**Work to be completed**. Only the lines below, from the one with "טל״ח. מדיניות פרטיות" through the one with "This elegant smooth", are to be written out, exactly.

**Source records**.
*****
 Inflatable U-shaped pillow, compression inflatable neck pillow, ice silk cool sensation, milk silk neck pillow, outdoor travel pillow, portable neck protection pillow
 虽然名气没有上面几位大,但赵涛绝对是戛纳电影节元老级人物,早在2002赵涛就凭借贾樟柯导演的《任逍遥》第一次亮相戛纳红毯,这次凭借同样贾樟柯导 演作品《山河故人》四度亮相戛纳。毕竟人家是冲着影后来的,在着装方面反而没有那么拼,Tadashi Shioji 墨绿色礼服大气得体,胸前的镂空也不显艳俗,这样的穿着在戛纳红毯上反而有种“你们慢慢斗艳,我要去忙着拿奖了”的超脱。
*****
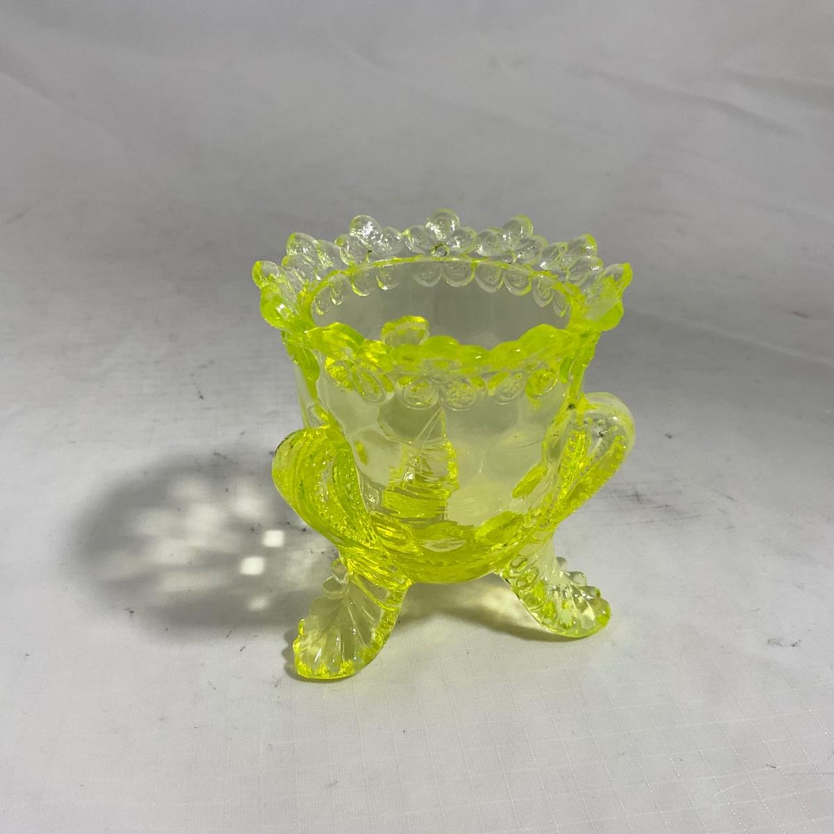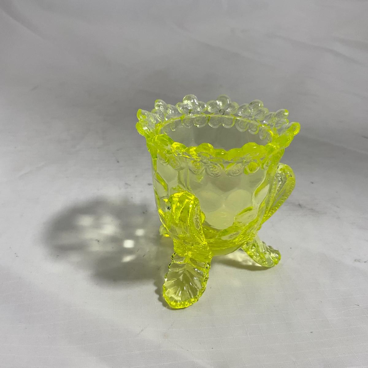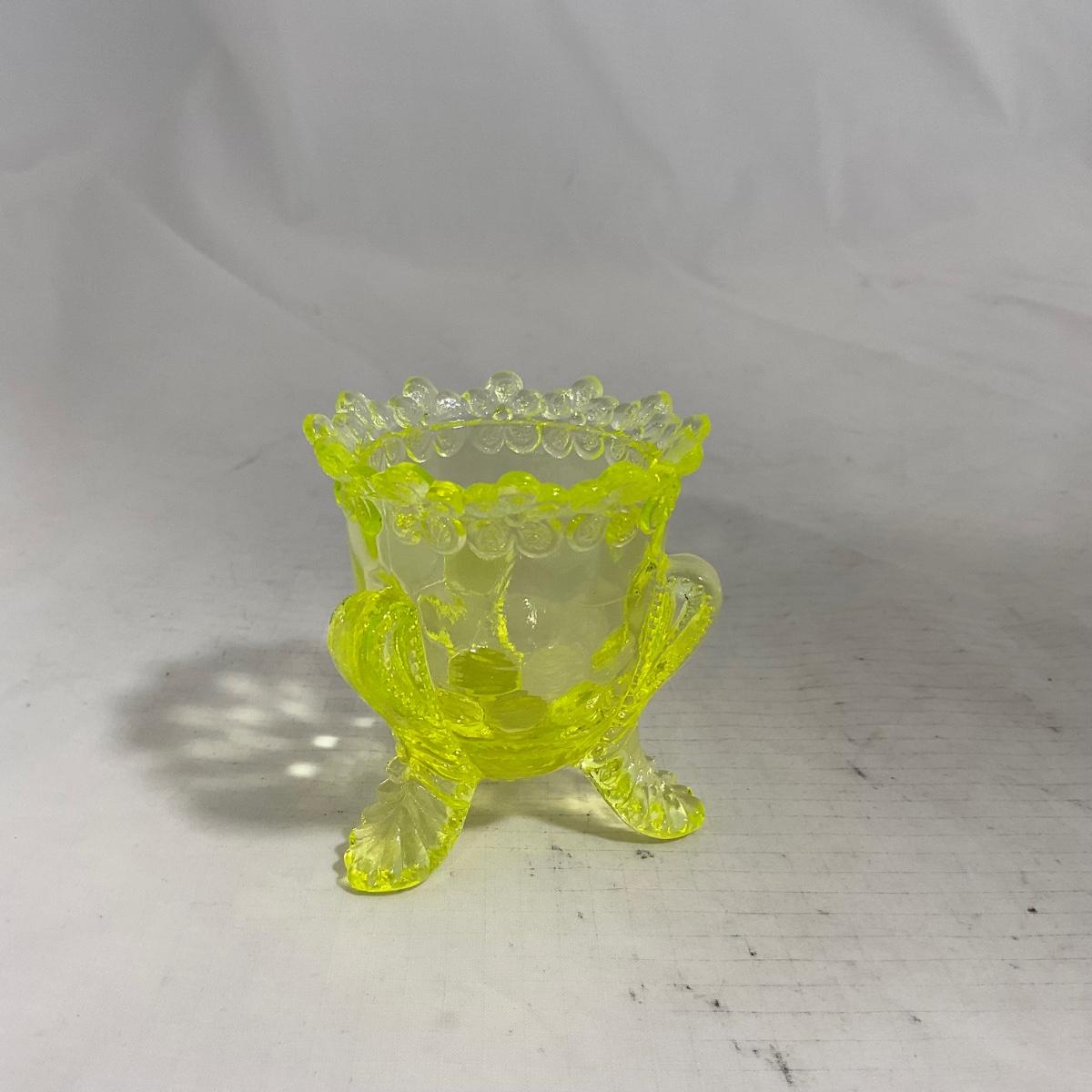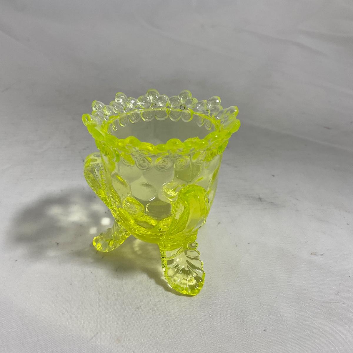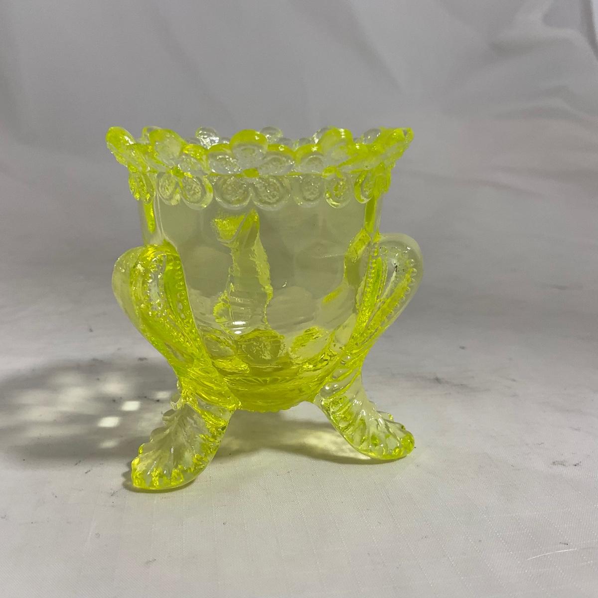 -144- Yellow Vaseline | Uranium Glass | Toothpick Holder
*****
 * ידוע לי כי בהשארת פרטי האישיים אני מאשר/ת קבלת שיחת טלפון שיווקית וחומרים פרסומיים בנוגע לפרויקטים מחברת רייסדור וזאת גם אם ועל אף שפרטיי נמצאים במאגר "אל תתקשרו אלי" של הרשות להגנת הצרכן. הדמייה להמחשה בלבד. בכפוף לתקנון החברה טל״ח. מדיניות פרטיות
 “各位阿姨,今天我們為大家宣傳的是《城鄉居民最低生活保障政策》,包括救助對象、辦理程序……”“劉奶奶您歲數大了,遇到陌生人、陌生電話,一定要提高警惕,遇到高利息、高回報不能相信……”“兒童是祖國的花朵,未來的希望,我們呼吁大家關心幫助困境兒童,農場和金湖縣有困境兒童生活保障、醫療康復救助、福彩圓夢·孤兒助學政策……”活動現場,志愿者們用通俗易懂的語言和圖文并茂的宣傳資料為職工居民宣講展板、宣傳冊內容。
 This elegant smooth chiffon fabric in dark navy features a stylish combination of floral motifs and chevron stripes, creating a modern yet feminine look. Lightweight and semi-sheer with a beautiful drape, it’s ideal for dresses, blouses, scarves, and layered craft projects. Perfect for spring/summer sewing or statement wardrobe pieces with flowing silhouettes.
*****
**Answer space**.
 * ידוע לי כי בהשארת פרטי האישיים אני מאשר/ת קבלת שיחת טלפון שיווקית וחומרים פרסומיים בנוגע לפרויקטים מחברת רייסדור וזאת גם אם ועל אף שפרטיי נמצאים במאגר "אל תתקשרו אלי" של הרשות להגנת הצרכן. הדמייה להמחשה בלבד. בכפוף לתקנון החברה טל״ח. מדיניות פרטיות
 “各位阿姨,今天我們為大家宣傳的是《城鄉居民最低生活保障政策》,包括救助對象、辦理程序……”“劉奶奶您歲數大了,遇到陌生人、陌生電話,一定要提高警惕,遇到高利息、高回報不能相信……”“兒童是祖國的花朵,未來的希望,我們呼吁大家關心幫助困境兒童,農場和金湖縣有困境兒童生活保障、醫療康復救助、福彩圓夢·孤兒助學政策……”活動現場,志愿者們用通俗易懂的語言和圖文并茂的宣傳資料為職工居民宣講展板、宣傳冊內容。
 This elegant smooth chiffon fabric in dark navy features a stylish combination of floral motifs and chevron stripes, creating a modern yet feminine look. Lightweight and semi-sheer with a beautiful drape, it’s ideal for dresses, blouses, scarves, and layered craft projects. Perfect for spring/summer sewing or statement wardrobe pieces with flowing silhouettes.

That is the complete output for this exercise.